■ Required action ■
Once the line with "Padraig Harrington of" is found in the entries below, repeat it and each following line exactly, up to and including the line with "Figure 28. Plains". Add no other lines.

Stored entries
=====

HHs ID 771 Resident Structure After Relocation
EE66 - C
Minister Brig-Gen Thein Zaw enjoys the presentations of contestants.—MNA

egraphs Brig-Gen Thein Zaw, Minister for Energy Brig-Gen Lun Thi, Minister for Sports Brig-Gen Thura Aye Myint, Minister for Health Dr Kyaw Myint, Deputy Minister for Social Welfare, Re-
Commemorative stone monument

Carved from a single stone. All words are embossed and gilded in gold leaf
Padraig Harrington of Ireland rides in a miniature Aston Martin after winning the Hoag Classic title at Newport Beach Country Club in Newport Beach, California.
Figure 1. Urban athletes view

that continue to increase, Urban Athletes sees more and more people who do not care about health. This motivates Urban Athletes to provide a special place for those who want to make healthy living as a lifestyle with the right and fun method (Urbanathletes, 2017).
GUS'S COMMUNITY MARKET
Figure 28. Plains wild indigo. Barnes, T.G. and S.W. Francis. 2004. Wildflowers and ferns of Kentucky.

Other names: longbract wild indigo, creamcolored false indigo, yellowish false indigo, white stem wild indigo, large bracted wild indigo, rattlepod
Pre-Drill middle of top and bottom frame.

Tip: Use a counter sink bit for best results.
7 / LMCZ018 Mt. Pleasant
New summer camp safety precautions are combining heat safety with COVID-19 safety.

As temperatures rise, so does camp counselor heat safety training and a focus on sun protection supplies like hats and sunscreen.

=====

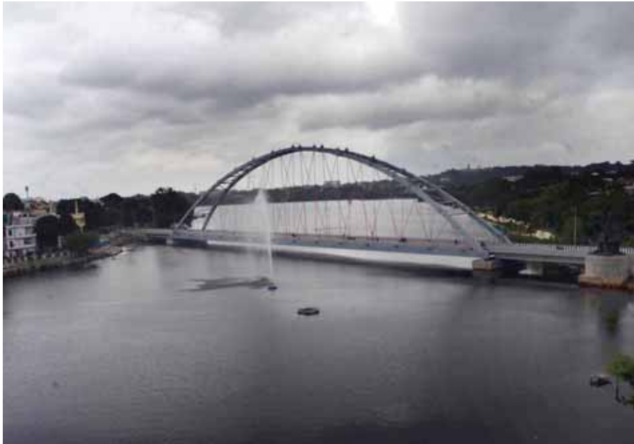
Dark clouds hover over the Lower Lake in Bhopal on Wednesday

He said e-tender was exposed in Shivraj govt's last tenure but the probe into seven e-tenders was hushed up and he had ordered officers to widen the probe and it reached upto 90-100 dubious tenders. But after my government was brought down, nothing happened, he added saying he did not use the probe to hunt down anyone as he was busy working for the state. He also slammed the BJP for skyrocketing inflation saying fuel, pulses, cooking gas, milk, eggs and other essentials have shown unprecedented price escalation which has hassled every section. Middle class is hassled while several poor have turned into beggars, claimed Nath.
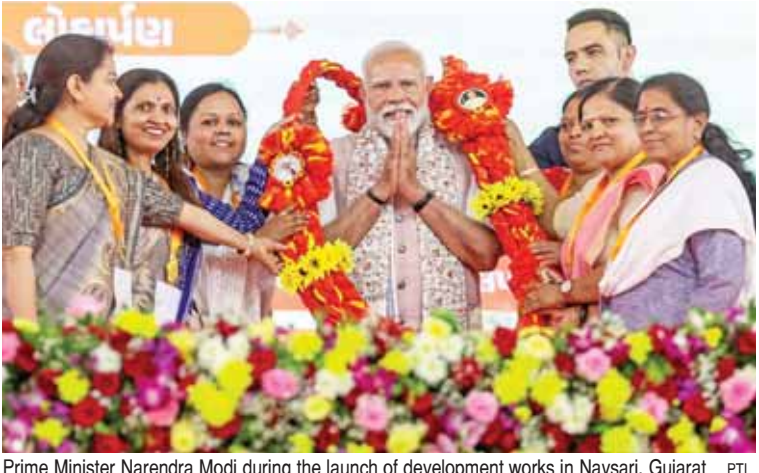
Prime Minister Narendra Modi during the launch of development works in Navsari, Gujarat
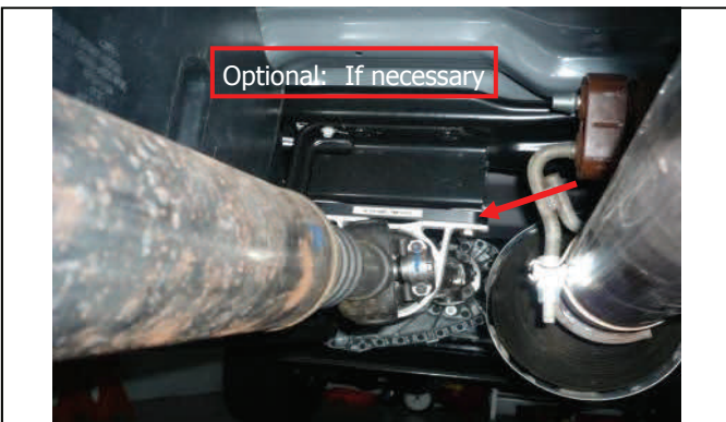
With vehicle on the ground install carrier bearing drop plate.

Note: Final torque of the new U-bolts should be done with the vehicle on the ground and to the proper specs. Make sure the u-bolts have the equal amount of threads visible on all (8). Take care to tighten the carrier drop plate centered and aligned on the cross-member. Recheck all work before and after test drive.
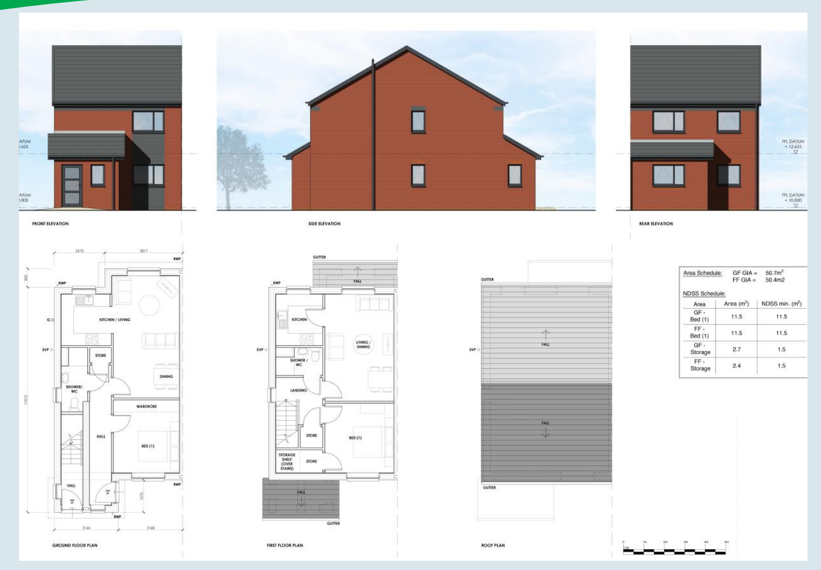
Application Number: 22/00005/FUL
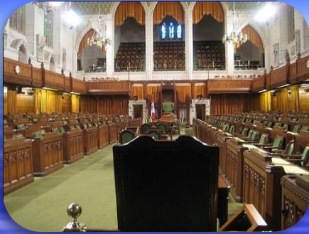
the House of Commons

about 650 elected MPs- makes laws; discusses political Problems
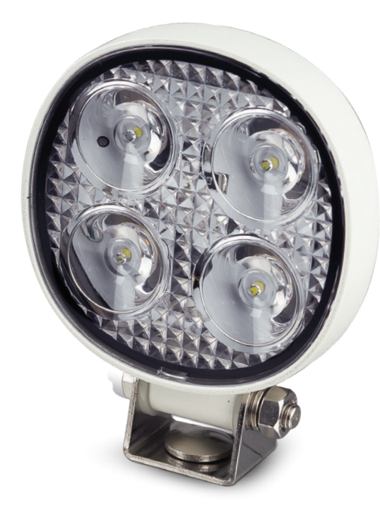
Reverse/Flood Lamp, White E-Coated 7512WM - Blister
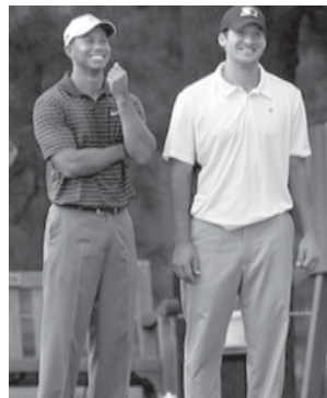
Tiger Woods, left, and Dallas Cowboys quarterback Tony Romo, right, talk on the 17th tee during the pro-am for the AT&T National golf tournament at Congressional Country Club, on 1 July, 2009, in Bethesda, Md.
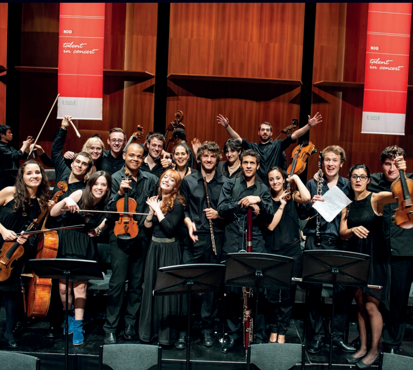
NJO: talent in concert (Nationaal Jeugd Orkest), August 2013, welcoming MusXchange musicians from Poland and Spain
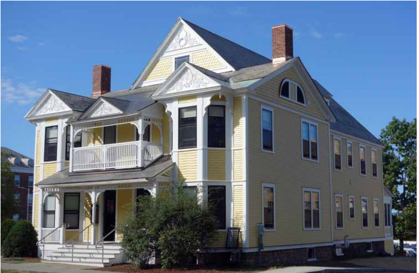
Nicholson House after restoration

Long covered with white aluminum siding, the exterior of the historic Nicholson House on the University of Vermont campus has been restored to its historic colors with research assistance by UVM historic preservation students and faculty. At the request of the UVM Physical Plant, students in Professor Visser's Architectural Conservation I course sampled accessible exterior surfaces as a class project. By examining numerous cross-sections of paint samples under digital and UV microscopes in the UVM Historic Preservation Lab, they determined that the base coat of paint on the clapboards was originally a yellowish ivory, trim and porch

=====

■ The answer ■
Padraig Harrington of Ireland rides in a miniature Aston Martin after winning the Hoag Classic title at Newport Beach Country Club in Newport Beach, California.
Figure 1. Urban athletes view

that continue to increase, Urban Athletes sees more and more people who do not care about health. This motivates Urban Athletes to provide a special place for those who want to make healthy living as a lifestyle with the right and fun method (Urbanathletes, 2017).
GUS'S COMMUNITY MARKET
Figure 28. Plains wild indigo. Barnes, T.G. and S.W. Francis. 2004. Wildflowers and ferns of Kentucky.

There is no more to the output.